Koenigsegg CCGT1, la megacar che riporta in vita il sogno GT1

Ci pensano uno splitter anteriore generoso e i flap attivi del sottoscocca, che collaborano con un fondo scolpito, condotti capaci di generare vortici a bassa pressione e un diffusore disegnato su misura. Il pavimento della vettura funziona come un’ala rovesciata e produce la maggior parte degli 800 chilogrammi circa di deportanza disponibili a 250 km/h. Come carico di picco la CCGT1 si colloca esattamente tra Jesko Attack e Sadair’s Spear, con un’aderenza sfruttabile già alle basse velocità e senza gomme spremute inutilmente sui rettilinei.

V8 biturbo e cambiate sequenziali come in gara

Koenigsegg CCGT1, la megacar che riporta in vita il sogno GT1

Il cuore è il V8 biturbo di casa, 1.280 cavalli con la benzina del distributore e 1.600 cavalli quando si passa al bioetanolo E85, con una centralina proprietaria che gestisce automaticamente qualsiasi miscela dei due carburanti. La presa d’aria sul tetto alimenta un radiatore dell’olio maggiorato e un circuito dedicato al raffreddamento degli ammortizzatori, così le prestazioni non calano dopo pochi giri.

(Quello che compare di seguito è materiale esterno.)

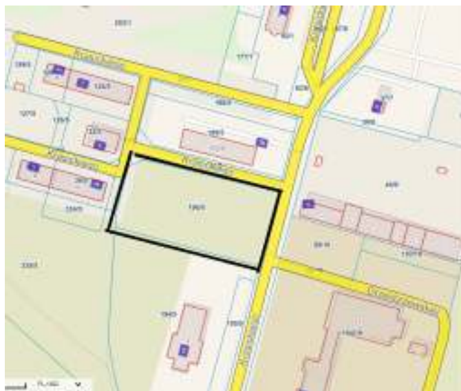
Lokalizacja inwestycji

Planowana inwestycja zlokalizowana jest w Krupskim Młynie przy ul. Krasickiego na działce nr 196/5. Poniżej przedstawiono lokalizację inwestycji wraz z bezpośrednim otoczeniem:

La trasmissione è la Light Speed Transmission, abbinata a una nuova interfaccia battezzata Koenigsegg Sequential Shift. In pratica una leva sequenziale posizionata a pochi centimetri dal volante e un pedale della frizione da usare soltanto alla partenza, perché le cambiate successive avvengono a frizione chiusa grazie al taglio dell’accensione, esattamente come sulla macchina da corsa del 2007. Davanti al selettore c’è un rotore a quattro posizioni chiamato ASMR con le modalità Auto, Sequential, Manual e Reverse. Chi vuole il manuale puro può ancora scegliere l’Engage Shift System a sei marce con griglia a vista ereditato dalla CC850, mentre per il traffico quotidiano resta l’automatico a nove rapporti.

Abitacolo da corsa, Ghost Fibre e Track Package

Koenigsegg CCGT1, la megacar che riporta in vita il sogno GT1

Dentro si respira aria di paddock, con il selettore coperto per le candele, la levetta per adescare le pompe del carburante e il pulsante rosso di avviamento. La strumentazione analogica Chronocluster ospita al centro un indicatore delle forze G che funziona solo grazie alla fisica, senza alcun collegamento elettrico. I sedili di serie sono monoscocca in carbonio con cinture a sei punti, accanto a un display infotainment aggiornato. Debutta anche la Ghost Fibre, evoluzione della celebre fibra di carbonio bianca vista nel 2009 sulla Trevita e poi abbandonata per la complessità produttiva: una matrice bianca cristallina di aramide e carbonio, più leggera del carbonio tradizionale, con proprietà balistiche protettive e un migliore assorbimento acustico.

Per la prima volta il marchio offre poi un Track Package ufficiale, installabile e rimuovibile presso i centri autorizzati. Comprende rollbar integrato in carbonio, sedili compatibili con il sistema HANS, impianto antincendio omologato, scarico libero da competizione, martinetti pneumatici per il sollevamento ai box, telemetria, sospensioni e freni tarati per la pista e un secondo set di cerchi con slick. Chi lo ordina riceve anche l’invito a giornate in circuito con i meccanici della casa madre al seguito.